Thanks very much in advance.
Finally I got this exception resolved, it is related to the jar file drill-jdbc-all-1.17.0.jar, and validation-api jar file, dremio 4.1.7 is using 2.0.1.Final for validation-api, which has getClockProviderClassName(), but the drill-jdbc-all-1.17.0.jar uses 1.1.0.Final version, so there is version mismatching issue, so I went to drill github https://github.com/apache/drill to get the full new version 1.18 in the master branch, but the new version 1.18 is not released yet, so I did my build based on the master branch and built the new drill-jdbc-all-1.18.0.jar, and used this jar in dremio, that allowed me to start dremio successfully.
But I am having another issue:
after I created the source for drill in dremio browser UI, as this url:
http://localhost:9047/source/dremiodrill/folder/DRILL
It only shows two names: sys and information_schema, and all the other drill schemas do not show up, the full list of schemas from show databases from drill is:
cp.default
dfs.default
dfs.root
dfs.tmp
information_schema
postgreslocal.admin
postgreslocal.eadb
postgreslocal.information_schema
postgreslocal.pg_catalog
postgreslocal.public
postgreslocal
sys
so does anybody have a clue where I did wrong?
Thanks
@idoor88 What is the connection string you are using in the ARP code?
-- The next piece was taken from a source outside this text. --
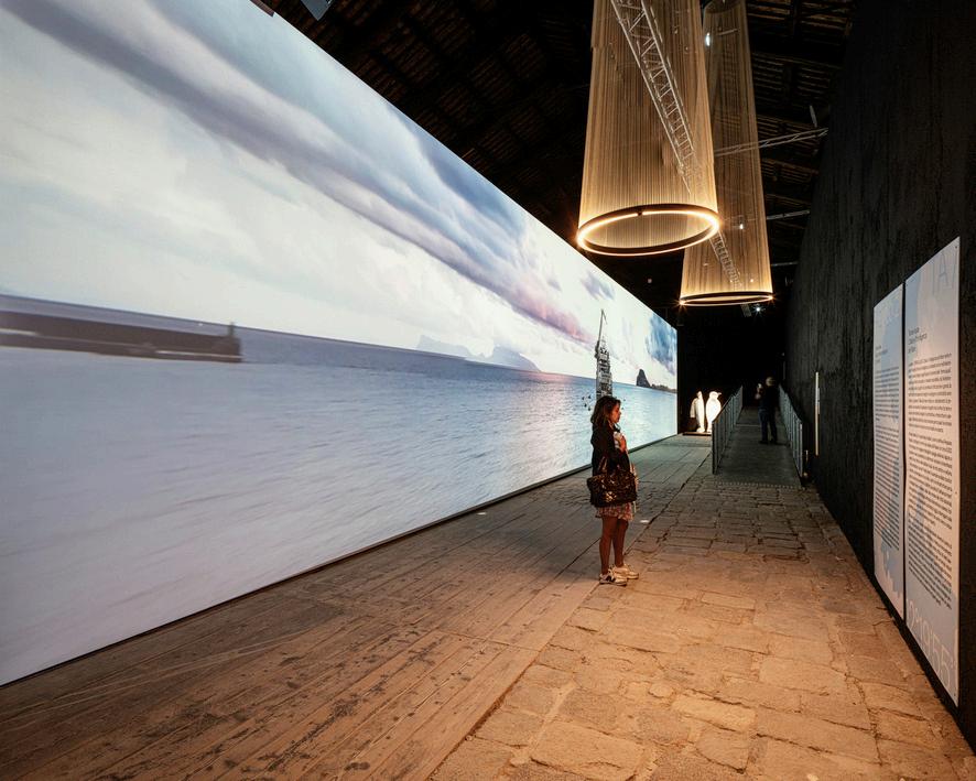 The exhibition design, conceived by Guendalina Salimei, physically translates the concept of the threshold. Upon entering, visitors encounter a Bicephalous Wall a large structure made of tubular frames and canvases that cuts through the space like a cliff On one side flow images of Italy seen from the sea, with all its beauty and fragility; on the other, a nineteenth-century-style gallery gathers maps and drawings of an Italy that is possible, visionary, and future-oriented. On the short side of the Tesa, a LED wall projects completed and ongoing projects, while Via Maris, the filmic work by Francesco de Melis, created with the Central Institute for Intangible Heritage, accompanies the viewer on an immersive journey through Italy’s maritime civilization.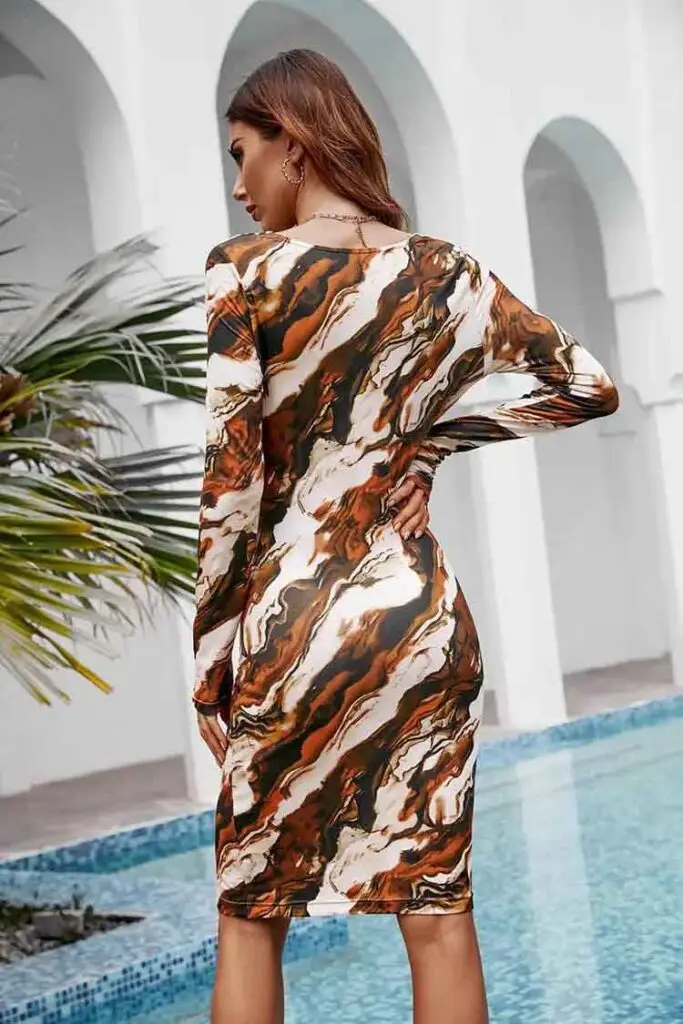 Have all eyes on you in this midi dress featuring an allover marble print, cowl neck, long sleeves, and bodycon silhouette. Complete the look with block heels and your favorite necklace!

jdbc:drill:drillbit=localhost:31010
Here is the DrillConf.java:
@SourceType(value = “Drill”, label = “Drill”)
public class DrillConf extends AbstractArpConf {
private static final String ARP_FILENAME = “arp/implementation/drill-arp.yaml”;
private static final ArpDialect ARP_DIALECT =
AbstractArpConf.loadArpFile(ARP_FILENAME, (ArpDialect::new));
//private static final String DRIVER = “org.sqlite.JDBC”;
private static final String DRIVER = “org.apache.drill.jdbc.Driver”;//org.apache.drill.jdbc.Driver
@Tag(1)
@DisplayMetadata(label = “JDBC URL (jdbc:drill:drillbit=localhost:31010)”)
public String jdbcURL;
@Tag(2)
@DisplayMetadata(label = “Username”)
public String username;
@Tag(3)
@Secret
@DisplayMetadata(label = “Password”)
public String password;
@Tag(4)
@DisplayMetadata(label = “Record fetch size”)
@NotMetadataImpacting
public int fetchSize = 200;
@VisibleForTesting
public String toJdbcConnectionString() {
System.out.println("toJdbcConnectionString jdbcURL: "+ jdbcURL);
checkNotNull(this.jdbcURL, "JDBC URL is required");
return jdbcURL;
}
@Override
@VisibleForTesting
public Config toPluginConfig(SabotContext context) {
System.out.println("toPluginConfig context: "+ context);
return JdbcStoragePlugin.Config.newBuilder()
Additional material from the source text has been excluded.